Mataram (ANTARA) - Penyidik Direktorat Reserse Kriminal Umum Kepolisian Daerah Nusa Tenggara Barat merampungkan petunjuk jaksa terkait kasus perekrutan pekerja migran Indonesia yang berjalan tidak sesuai prosedur.
"Petunjuk jaksa sudah kami rampungkan dan akhir pekan lalu berkas milik tersangka kembali kami limpahkan ke jaksa," kata Kepala Subbidang Remaja, Anak, dan Wanita Ditreskrimum Polda NTB Ajun Komisaris Besar Polisi Ni Made Pujawati di Mataram, Jumat.
Dengan adanya pelimpahan tersebut, kini penyidik menunggu hasil penelitian berkas oleh jaksa peneliti pada Kejaksaan Tinggi NTB.
Pujawati optimistis hasil penelitian jaksa kali ini akan menyatakan berkas lengkap atau P-21. "Iya, semoga bisa disegerakan. Kami menunggu," ujarnya.
Kasus perekrutan pekerja migran nonprosedural ini kali pertama terungkap dari adanya laporan korban pada akhir September 2022.
Berdasarkan tindak lanjut laporan, polisi berhasil mengungkap peran tersangka dari penangkapan pada 7 November 2022. Polisi menangkap dua orang yang berperan sebagai perekrut.
Keduanya yang kini berstatus tersangka adalah seorang perempuan berinisial SN (37) alias Ela, asal Sengkol, Kecamatan Pujut, Kabupaten Lombok Tengah, dan MU (47) alias Tuan Zaki, asal Desa Sandik, Kecamatan Batulayar, Kabupaten Lombok Barat.
Penyidik menetapkan keduanya sebagai tersangka berdasarkan adanya alat bukti kuat, seperti dokumen pribadi yang mengatasnamakan korban, antara lain kartu identitas, paspor korban, dan kuitansi pembayaran untuk proses perekrutan.

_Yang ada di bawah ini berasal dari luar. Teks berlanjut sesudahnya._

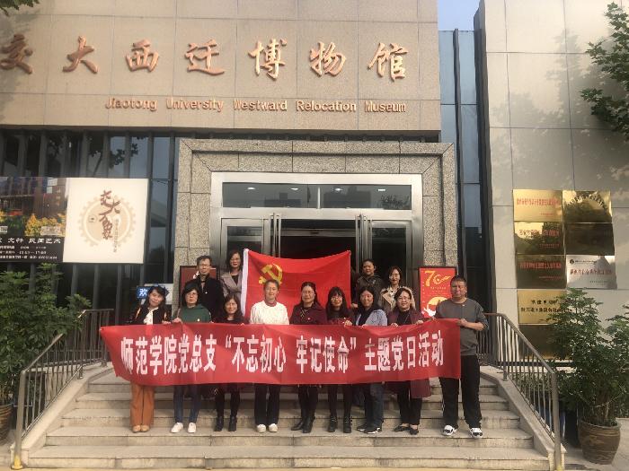 按照校党委关于“不忘初心,牢记使命”主题教育“七个一”工作要求,10月19日下午,党委宣传部党支部全体党员来到八路军西安办事处纪念馆开展“不忘初心、牢记使命”主题党日活动,校党委副书记、副校长李忠良以普通党...

Penetapan keduanya sebagai tersangka juga dikuatkan dengan keterangan korban yang berjumlah sembilan orang.
Selain menyita barang bukti dan keterangan dari para korban, pihak kepolisian juga mengantongi keterangan ahli dari Badan Perlindungan Pekerja Migran Indonesia maupun Dinas Tenaga Kerja dan Transmigrasi NTB.
Kedua tersangka juga terungkap menjalankan modus kejahatannya dengan menjanjikan korban sebagai pekerja migran di Arab Saudi. Janji tersebut akan terpenuhi apabila korban menyerahkan uang Rp22 juta.
Kedua tersangka membahasakan uang Rp22 juta itu sebagai biaya seluruh kebutuhan administrasi bekerja di luar negeri, seperti pembuatan paspor, cek kesehatan, dan pengurusan visa kerja.
Dalam berkas milik kedua tersangka, penyidik menerapkan sangkaan pasal 81 juncto pasal 69 Undang-Undang RI Nomor 18 Tahun 2017 tentang Perlindungan Pekerja Migran Indonesia, dengan ancaman pidana hukuman paling lama 10 tahun penjara dan denda paling banyak Rp15 miliar.
Kini kedua tersangka sedang menjalani penahanan di Rutan Polda NTB terhitung sejak penangkapan pada 7 November 2022.